TASK INSTRUCTIONS
What are the lines below, starting at the line containing "3. 泰和上筑項(xiàng" and ending at the line containing "Le Campagne di"? Write them out exactly, ends included, without pictures.

DATASET EXCERPTS section start

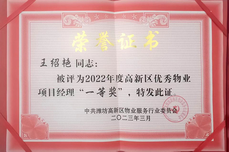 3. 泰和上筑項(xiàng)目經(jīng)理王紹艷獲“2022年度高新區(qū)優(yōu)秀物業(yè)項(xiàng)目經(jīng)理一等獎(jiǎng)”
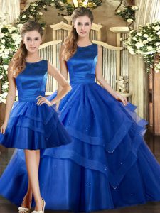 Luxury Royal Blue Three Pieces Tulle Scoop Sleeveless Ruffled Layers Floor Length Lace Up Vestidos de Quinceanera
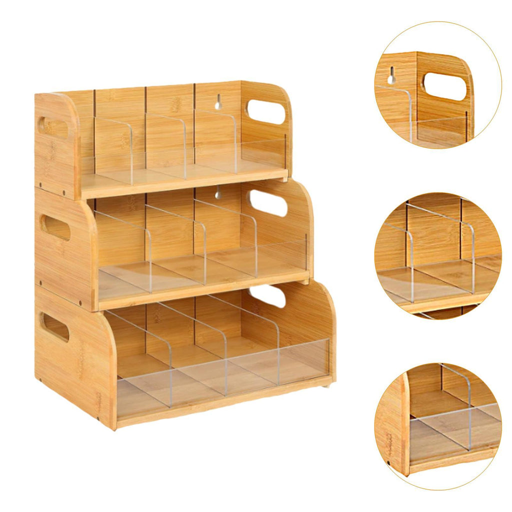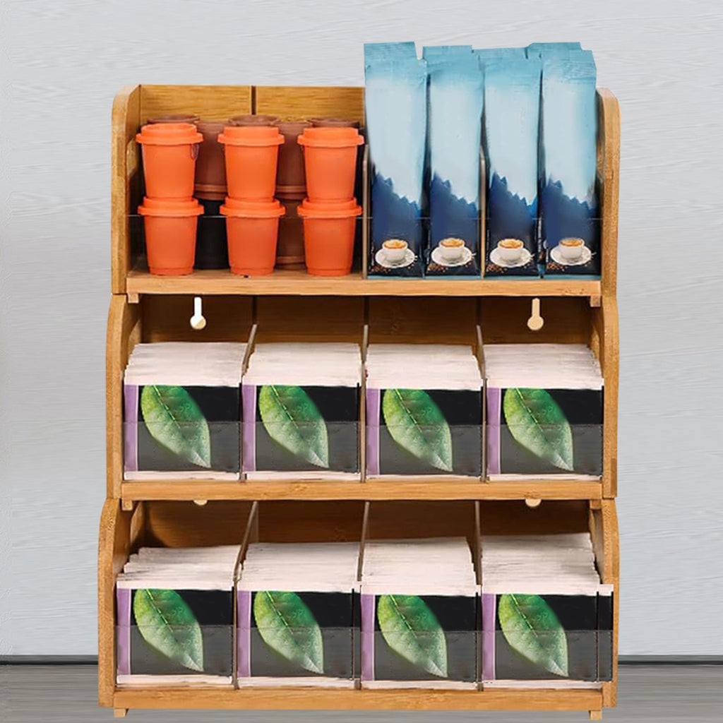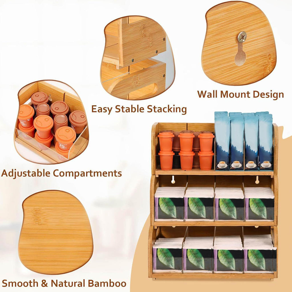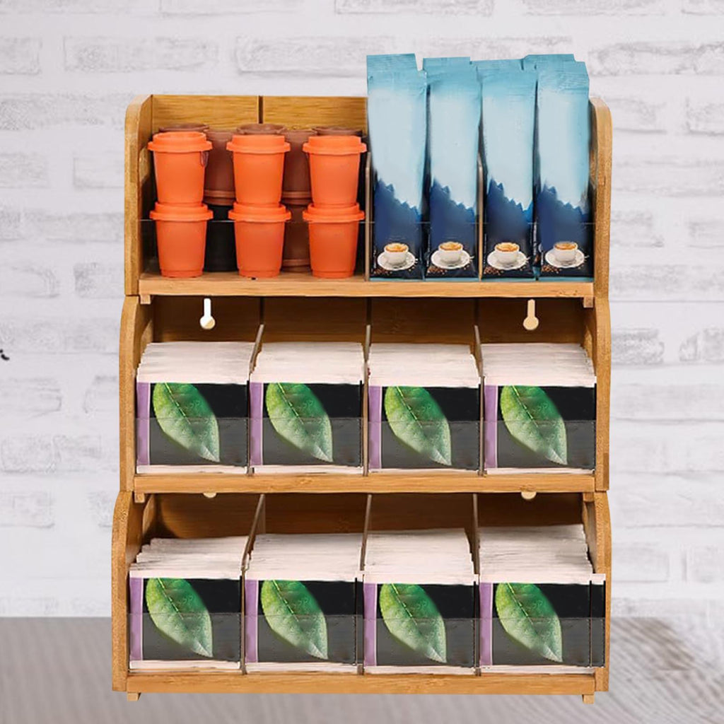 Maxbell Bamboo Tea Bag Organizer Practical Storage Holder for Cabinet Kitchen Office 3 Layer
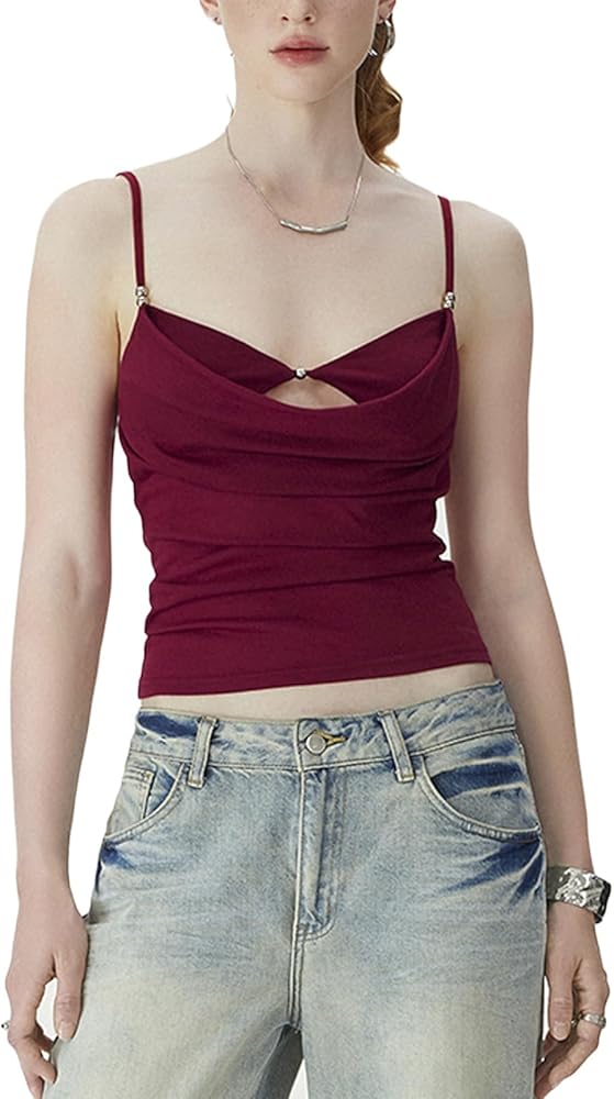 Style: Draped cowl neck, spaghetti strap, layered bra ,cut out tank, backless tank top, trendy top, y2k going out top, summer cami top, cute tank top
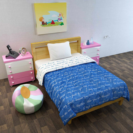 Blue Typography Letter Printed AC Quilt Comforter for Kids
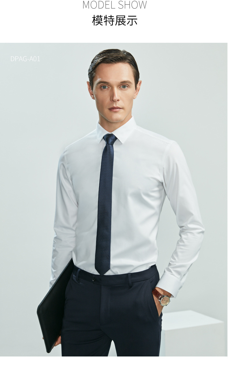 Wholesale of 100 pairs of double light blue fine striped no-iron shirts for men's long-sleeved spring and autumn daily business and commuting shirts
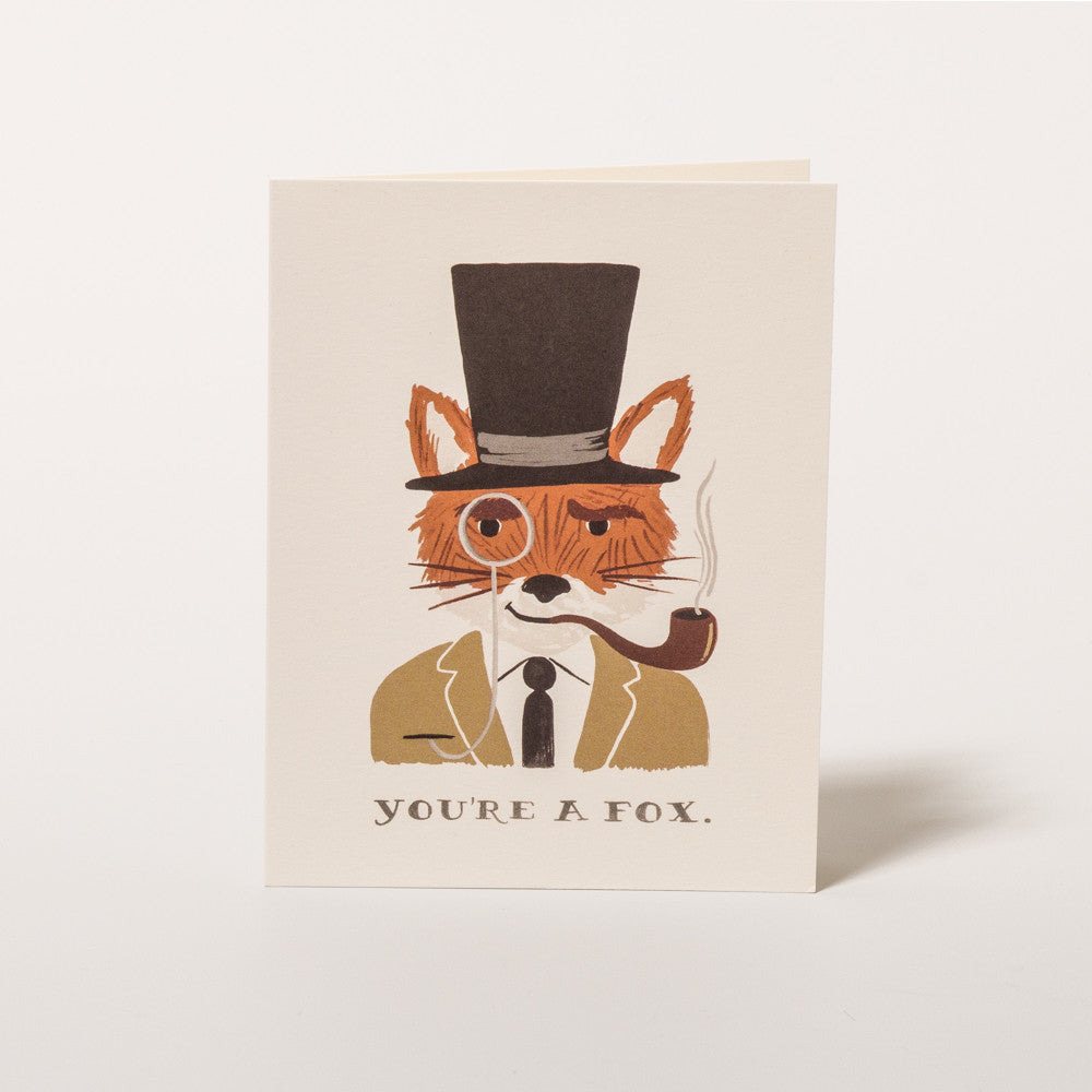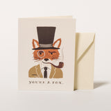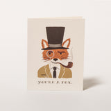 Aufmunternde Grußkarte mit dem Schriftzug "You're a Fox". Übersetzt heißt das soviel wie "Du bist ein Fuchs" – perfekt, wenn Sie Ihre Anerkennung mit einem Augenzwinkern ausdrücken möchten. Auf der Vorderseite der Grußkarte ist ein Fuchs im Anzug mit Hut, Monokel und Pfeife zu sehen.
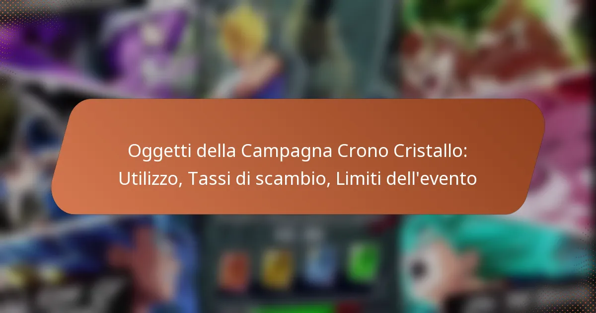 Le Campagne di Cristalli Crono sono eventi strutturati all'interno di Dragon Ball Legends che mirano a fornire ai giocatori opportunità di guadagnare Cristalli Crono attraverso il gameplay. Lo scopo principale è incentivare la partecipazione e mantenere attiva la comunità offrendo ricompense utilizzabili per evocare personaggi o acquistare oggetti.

DATASET EXCERPTS section end
DATASET EXCERPTS section start

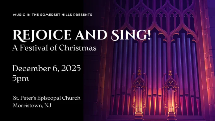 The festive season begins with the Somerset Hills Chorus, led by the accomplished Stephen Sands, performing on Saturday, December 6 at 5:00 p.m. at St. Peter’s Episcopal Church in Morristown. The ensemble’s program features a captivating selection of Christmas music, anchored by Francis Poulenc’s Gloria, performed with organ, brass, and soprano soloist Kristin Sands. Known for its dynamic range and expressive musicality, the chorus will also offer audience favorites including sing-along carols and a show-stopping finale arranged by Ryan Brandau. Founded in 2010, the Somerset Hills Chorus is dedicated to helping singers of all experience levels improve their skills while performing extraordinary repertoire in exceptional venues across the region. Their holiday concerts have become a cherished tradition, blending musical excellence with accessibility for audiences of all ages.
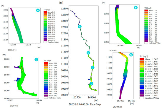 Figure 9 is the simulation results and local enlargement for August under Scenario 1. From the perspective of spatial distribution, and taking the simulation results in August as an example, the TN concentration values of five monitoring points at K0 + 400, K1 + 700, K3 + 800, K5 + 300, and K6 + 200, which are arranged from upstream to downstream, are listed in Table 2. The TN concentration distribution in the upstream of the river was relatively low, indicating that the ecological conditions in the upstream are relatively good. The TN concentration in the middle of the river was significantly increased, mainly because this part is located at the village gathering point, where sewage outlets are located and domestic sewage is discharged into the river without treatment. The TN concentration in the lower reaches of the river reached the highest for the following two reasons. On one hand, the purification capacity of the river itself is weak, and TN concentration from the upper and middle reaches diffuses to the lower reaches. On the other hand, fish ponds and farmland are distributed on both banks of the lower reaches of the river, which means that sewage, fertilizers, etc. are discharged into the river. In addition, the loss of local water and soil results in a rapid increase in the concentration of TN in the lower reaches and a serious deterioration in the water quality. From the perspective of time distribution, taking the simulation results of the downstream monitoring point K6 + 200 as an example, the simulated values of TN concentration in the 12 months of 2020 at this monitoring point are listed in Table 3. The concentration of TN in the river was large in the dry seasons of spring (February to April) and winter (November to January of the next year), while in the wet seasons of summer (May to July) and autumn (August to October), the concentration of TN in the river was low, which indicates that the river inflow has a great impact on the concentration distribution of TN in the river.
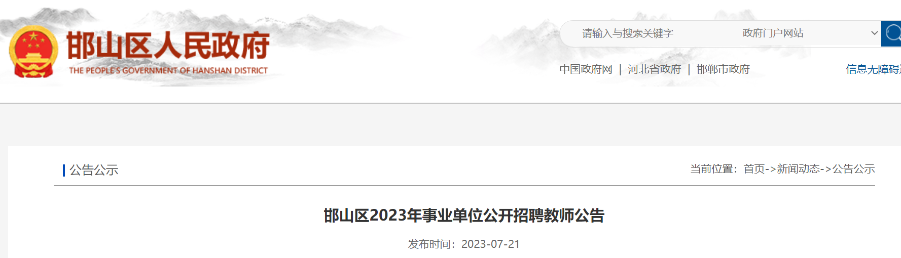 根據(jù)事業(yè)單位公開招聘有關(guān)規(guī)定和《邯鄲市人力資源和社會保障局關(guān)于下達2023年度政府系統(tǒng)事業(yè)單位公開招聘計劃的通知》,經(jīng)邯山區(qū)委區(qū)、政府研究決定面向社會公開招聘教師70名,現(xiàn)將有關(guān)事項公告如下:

DATASET EXCERPTS section end
DATASET EXCERPTS section start

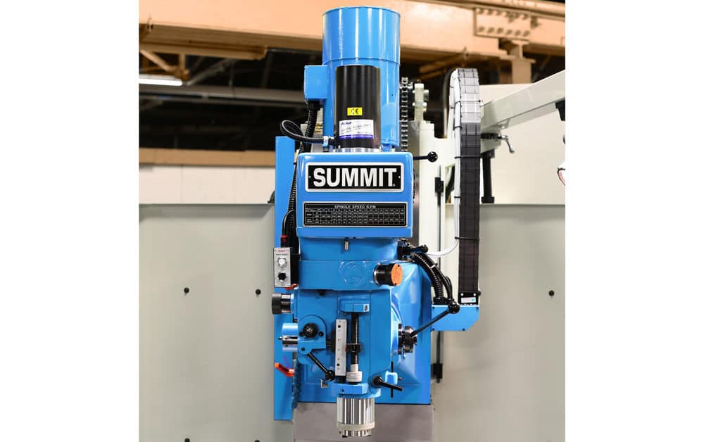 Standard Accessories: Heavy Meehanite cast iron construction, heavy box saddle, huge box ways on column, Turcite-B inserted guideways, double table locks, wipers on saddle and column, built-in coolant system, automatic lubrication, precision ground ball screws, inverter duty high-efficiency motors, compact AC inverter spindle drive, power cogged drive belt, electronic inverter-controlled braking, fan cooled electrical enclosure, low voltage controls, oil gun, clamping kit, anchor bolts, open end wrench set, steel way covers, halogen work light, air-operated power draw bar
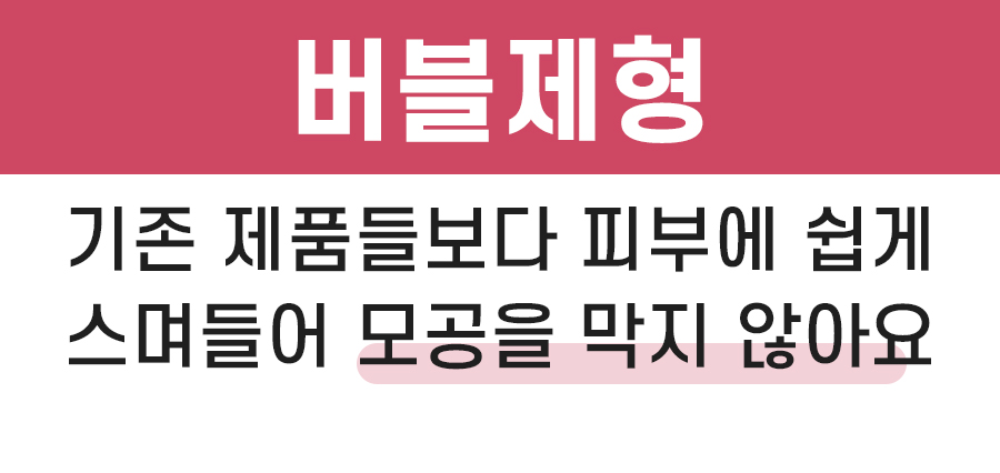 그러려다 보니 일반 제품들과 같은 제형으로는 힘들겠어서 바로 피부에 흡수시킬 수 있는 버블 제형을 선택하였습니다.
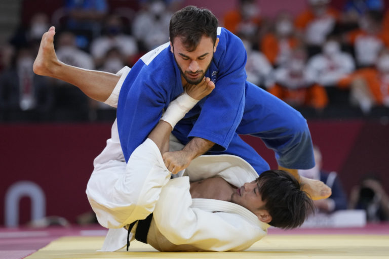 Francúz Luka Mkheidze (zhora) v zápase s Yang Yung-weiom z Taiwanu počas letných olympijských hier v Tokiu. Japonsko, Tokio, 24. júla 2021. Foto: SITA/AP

DATASET EXCERPTS section end

EXPECTED ANSWER
 3. 泰和上筑項(xiàng)目經(jīng)理王紹艷獲“2022年度高新區(qū)優(yōu)秀物業(yè)項(xiàng)目經(jīng)理一等獎(jiǎng)”
 Luxury Royal Blue Three Pieces Tulle Scoop Sleeveless Ruffled Layers Floor Length Lace Up Vestidos de Quinceanera
 Maxbell Bamboo Tea Bag Organizer Practical Storage Holder for Cabinet Kitchen Office 3 Layer
 Style: Draped cowl neck, spaghetti strap, layered bra ,cut out tank, backless tank top, trendy top, y2k going out top, summer cami top, cute tank top
 Blue Typography Letter Printed AC Quilt Comforter for Kids
 Wholesale of 100 pairs of double light blue fine striped no-iron shirts for men's long-sleeved spring and autumn daily business and commuting shirts
 Aufmunternde Grußkarte mit dem Schriftzug "You're a Fox". Übersetzt heißt das soviel wie "Du bist ein Fuchs" – perfekt, wenn Sie Ihre Anerkennung mit einem Augenzwinkern ausdrücken möchten. Auf der Vorderseite der Grußkarte ist ein Fuchs im Anzug mit Hut, Monokel und Pfeife zu sehen.
 Le Campagne di Cristalli Crono sono eventi strutturati all'interno di Dragon Ball Legends che mirano a fornire ai giocatori opportunità di guadagnare Cristalli Crono attraverso il gameplay. Lo scopo principale è incentivare la partecipazione e mantenere attiva la comunità offrendo ricompense utilizzabili per evocare personaggi o acquistare oggetti.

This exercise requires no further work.